— Догадываюсь, как ты дошел до этого. Вырос в порядочной семье, все у тебя было. И мать, и отец работали только на тебя, потому что ты — единственный ребенок. С пеленок ты рос эгоистом. Школу окончил прилично, потому что родители были близки с классным руководителем или с замдиректора. В университет поступил с привилегией. Экзамены сдавал еле-еле, тебя освобождали от летних трудовых бригад. Купили тебе машину, чтобы на море не ездил поездом. Университет закончил двумя-тремя годами позже и, естественно, диплом у тебя неважный, но отец поднял на ноги знакомых и тебя устроили на приличную работу. Легкая служба, командировки за границу, красивые сотрудницы. Некоторые из них постепенно стали с тобой близки. Потом ты захотел отдельную квартиру. И родители нашли такую, почти в центре, с хорошими соседями. Твоя старая машина уже не имела вида, и поэтому тебе купили новую. Последствия налицо. Вот так ты и жил, молодой человек.
Лежащий вздохнул и устало закрыл глаза. Стоявший продолжал:
— А все могло быть по-другому. Если бы у тебя был брат или сестра, ты с детства привык бы заботиться о них, делиться с ними. Тогда осознал бы, что без школы — никуда, хорошо бы учился и постепенно сформировался как трудолюбивый и разумный человек. Обязательно проявил бы себя в какой-нибудь области и был бы полезным обществу.

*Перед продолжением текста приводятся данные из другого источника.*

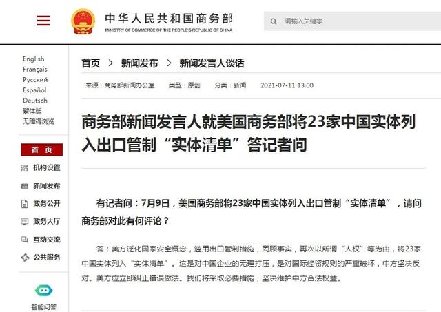 對此,中國商務(wù)部網(wǎng)站7月11日公布商務(wù)部新聞發(fā)言人就美國商務(wù)部將23家中國實(shí)體列入出口管制“實(shí)體清單”答記者問。
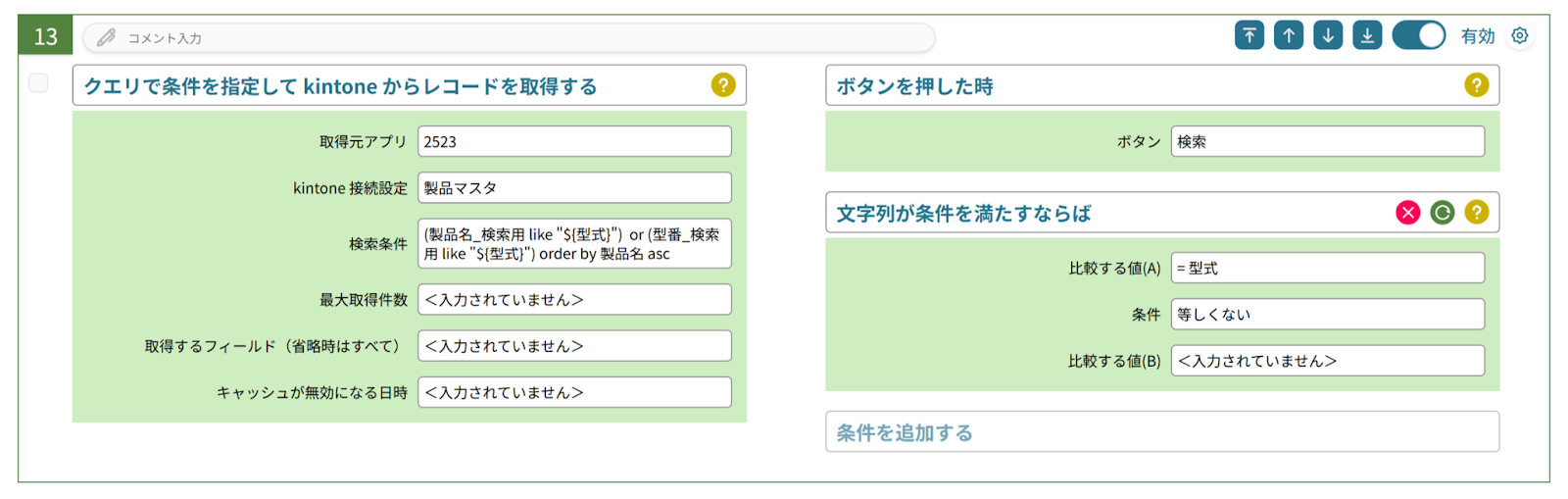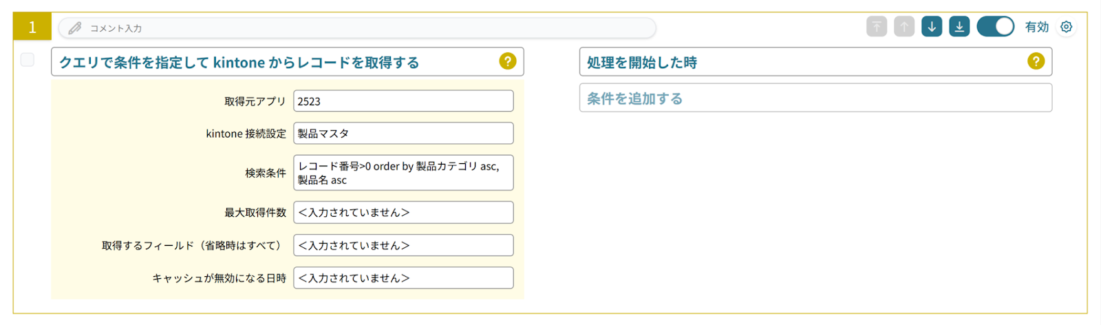 まず、「接続設定」で設定した kintone の製品マスタアプリから、やること「クエリで条件を指定して kintone からレコードを取得する」でレコードを取得します。

Братьям и сестрам служил бы примером. Мог быть отличником в школе и в университете. По конкурсу занял бы хорошую должность и двигал науку и технику вперед. Женился бы на девушке сходных взглядов, способной, создал здоровую и дружную семью, имел много детей и правильно их воспитывал. У тебя было бы все, и добился бы ты этого честным трудом, и не стыдил…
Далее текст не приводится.